Cuentos góticos: el miedo como fuente
de placer
"No creo en fantasmas, pero me dan miedo", decía en el apogeo del siglo de las luces M adame
du Deffand, amiga epistolar del inglés Horace Walpole, considerado el fundador de la literatura
gótica con El castillo de Otranto (1764). Su novela alcanzó no menos de 115 ediciones
(incluso hay una chilena, publicada por Nascimento en 1979, con prólogo de Alfonso Calderón)
y contiene la mayoría de los temas que caracterizaron al género durante las siete décadas
siguientes, dejando huellas en la narrativa fantástica que perduran hasta hoy.
Como resume David Roas en su prólogo a Paseando con fantasmas. Antología del cuento
gótico, lo macabro juega en esta clase de ficciones un papel fundamental, que explica tanto su
popularidad como sus excesos. Abundan apariciones de espectros y otros fenómenos
fantásticos; crímenes y acciones sanguinarias ("desde el sadismo desaforado hasta la necrofilia,
pasando por la violación"); secretos horrendos; maldiciones; gemidos; lo "terrorífico
arquitectónico" (castillos en ruinas, criptas, pasadizos...); naturaleza desbordada (tormentas, cascadas, bosques espesos, mares
encrespados); amores imposibles; mujeres cautivas y caballeros que no siempre alcanzan a salvarlas del villano, personificado generalmente
en un noble sádico o en un monje perverso.
El imaginario medieval, recreado a fines del siglo XVIII, persigue tanto un efecto de distanciamiento cronológico como geográfico. Fue el
propio Walpole quien añadió el subtítulo "A Gothic Story" en la segunda edición de su novela, ambientada en los siglos XII y XIII, y que
presentaba como la traducción de un relato italiano publicado en 1529, truco de desplazamiento literario que años más tarde llevaría hasta la
perfección Jan Potocki en El manuscrito encontrado en Zaragoza (1804). En realidad, Walpole escribió El castillo de Otranto en su
casa de Strawberry Hill, Twickenham, cerca de Londres: un pequeño castillo construido en 1748 de acuerdo al gothic revival puesto de moda
entre la aristocracia, que concebía el arte medieval como oscuro y bárbaro en oposición a la razón y la armonía neoclásicas.
Helada como la muerte
Según el Atlas de la novela europea, de Franco M oretti, de sesenta narraciones góticas inglesas publicadas entre 1770 y 1840, la máxima
concentración de escenarios se halla en el triángulo comprendido entre el Rin, la Selva Negra y el Harz (la región del aquelarre y el pacto con
el diablo). Este desplazamiento del sur al norte de Europa sucede conforme se pasa del siglo XVIII al XIX y afianza su dominio el
romanticismo, que asume y refina la herencia gótica alejándola del lugar común al que la arrastraron sus convenciones.

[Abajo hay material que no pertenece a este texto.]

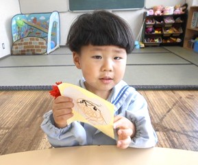 5月11日の母の日に合わせて、幼稚園では5月9日(金)に持ち帰ります。
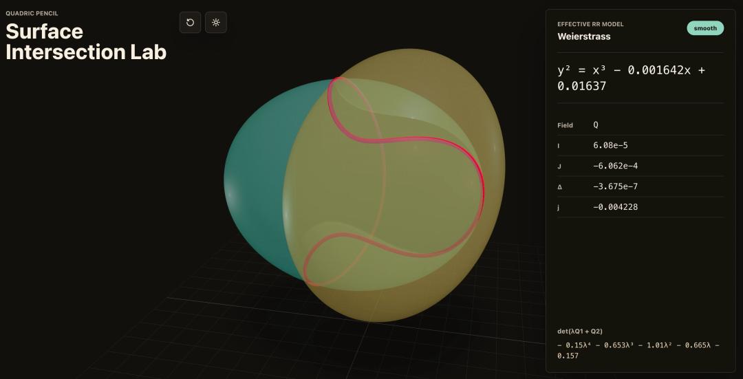波兹南·密茨凯维奇大学数学助教Bartosz Naskręcki在Codex中,仅用11分钟就从一个单一提示词构建了一个代数几何应用,可视化了二次曲面的交集,并将生成的曲线转换为Weierstrass模型。
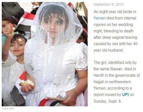 也门8岁新娘出嫁,初夜死于内部损伤
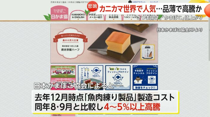 日本かまぼこ協会によると、2025年12月時点の「魚肉練り製品」の製造コストは同年の8月・9月と比較して4〜5%以上も高騰した。
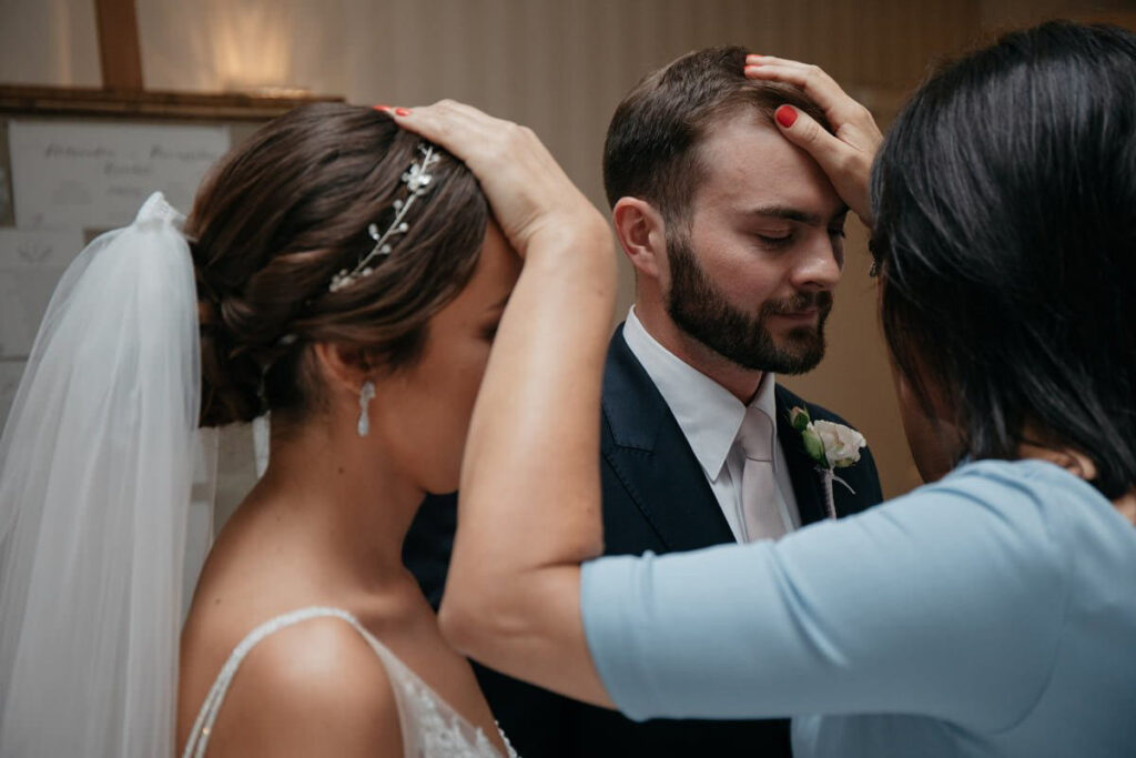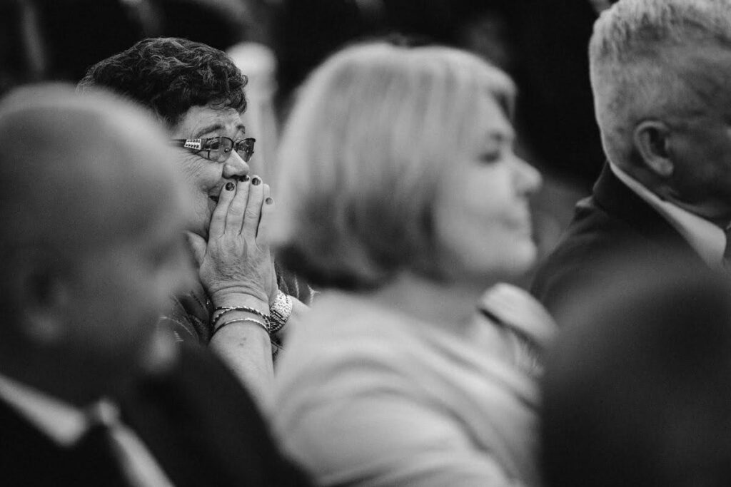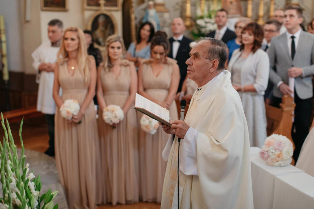 Spodziewaliśmy się, że na czas ceremonii ślubnej , energia i fanfary nieco ustąpią miejsca powadze i zadumie. Nic bardziej mylnego! A wszystko za sprawą nikogo innego a księdza, który udzielał ślubu Oli i Przemkowi. Okazało się, że tego dnia był wyjątkowo w zastępstwie. A był to ksiądz, który śmiało możemy powiedzieć, porwał cały kościół. Poprowadził ceremonię z energią, zaangażowaniem, radością, nie szczędził żartów a nawet zaśpiewał parze młodej piosenkę. Niemal wszystkim uśmiech nie schodził z twarzy. To niezwykłe uczucie uświadomić sobie, jak szczęśliwych będą siebie samych oglądać na ślubnych fotografiach za kilkanaście a może i nawet kilkadziesiąt lat!
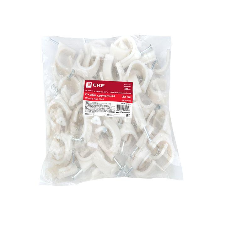 Скоба крепежная круглая с гвоздем d22мм пластик. (уп.50шт) EKF plcn-sr-22

Paseando con fantasmas ordena cronológicamente 18 cuentos del género que registran esta evolución. El primero, "Sir Bertrand", pertenece
a una colección de relatos que Anne Letitia Barbauld prologó con el ensayo On the Pleasure Derived from Objects of Terror (1773). La
autora se preguntaba por qué las "aflicciones humanas" pueden llegar a deleitarnos, sensación que contradice la moral y los buenos
sentimientos. Su cuento, precisamente, muestra el desamparo de un caballero que llega, en mitad de la noche, a un castillo abandonado. La
puerta de entrada se cierra detrás de él, después de forzarla. Una llama misteriosa lo guía en medio de la más absoluta oscuridad. Suena una
campana. Sube una escalera. Luego otra, más estrecha. Siente que lo aferra una mano "helada como la muerte". Aterrado, la corta con su
espada. Se escucha un gemido. Avanza por un sinuoso corredor. La enigmática luz lo lleva hasta una cripta...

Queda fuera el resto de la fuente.